Fabricating a History of Wine Writing

gomlAt the risk of sounding like the guy shouting at the kids to get off his lawn, I have to ask: Is it really necessary for Jordana Rothman to fabricate history in order to profile Punch Editor Talia Baiocchi in Food & Wine Magazine and demonstrate the really great work she is doing at that site?

In a lead-in to a profile on Baiocchi, Jordana writes:

There was a time, not so long ago, when wine and spirits writing was mostly the province of old, white men who conducted their critical business with score cards and spit buckets.”

For anyone who has been reading drinks literature for more than very, very short time, this kind of statement comes off as pretty insulting and not a little ignorant. It also comes off as lazy.

Still, it’s not the first time a writer fabricated history in order to justify a scenario that supports the angle they want to take in a story or feature. It happens all the time. When I see this, I usually just stop reading and move one. That’s really not fair to the subject of a profile, but what’s the point of continuing.

In this case, upon reading that up until just recently wine and spirits writing was nothing more than spitting out ratings and review—and by (God forbid, “Old White Men), I wondered if the writer has any idea that there was prose writing about wine before 2010? I wondered if she’d ever heard of:

Gerald Asher
Matt Kramer
Mary Ewing Mulligan
Bob Thompson
Jerry Mead
Frank Prial
Clive Coates
Florence Fabricant
R. W. Apple Jr
Frank Schoonmaker
Dan Berger
Hugh Johnson
Jancis Robinson
James Halliday
Harry Waugh
Alexis Bespaloff
Ed McCarthy
Kevin Zraly
Alexis Lichine
Michael Broadbent
Karen MacNeil
Gerald Boyd
Leon Adams

To name but a few of the wine writers Ms. Rothman dismissed.

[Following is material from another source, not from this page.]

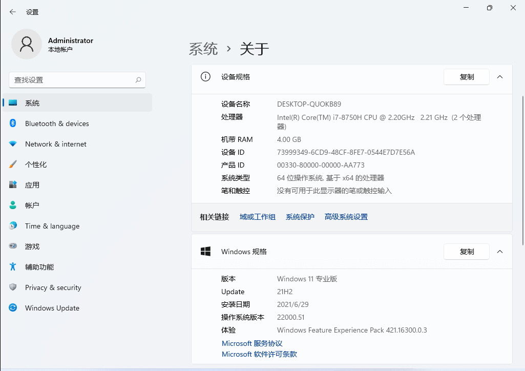 以下是在虚拟机(VMware 16.1.2 build-17966106)中演示安装流程,其中Windows 11为正式版。

There is a tendency among inexperienced writers who want attention fast to make declarations about some thing or some idea or some process being very new—and very new after a long, weary time of their being very little to recommend. They tend to give the impression they discovered this worthy new thing. It happens in political writing a lot, in food writing and, in wine writing. It’s a tiring fault.

Here is the fact, while there are many new voices and new talents in the world of wine writing, including Talia who has risen based on her superior talent, neither she nor many others are writing about wine and the wine world in any significantly different way than the wine world has been written about for the past 50 years. For as long as there have been writers totally or semi-dedicated to wine, they have told stories of vintners and growers, considered the route to market for wine and critiqued the product.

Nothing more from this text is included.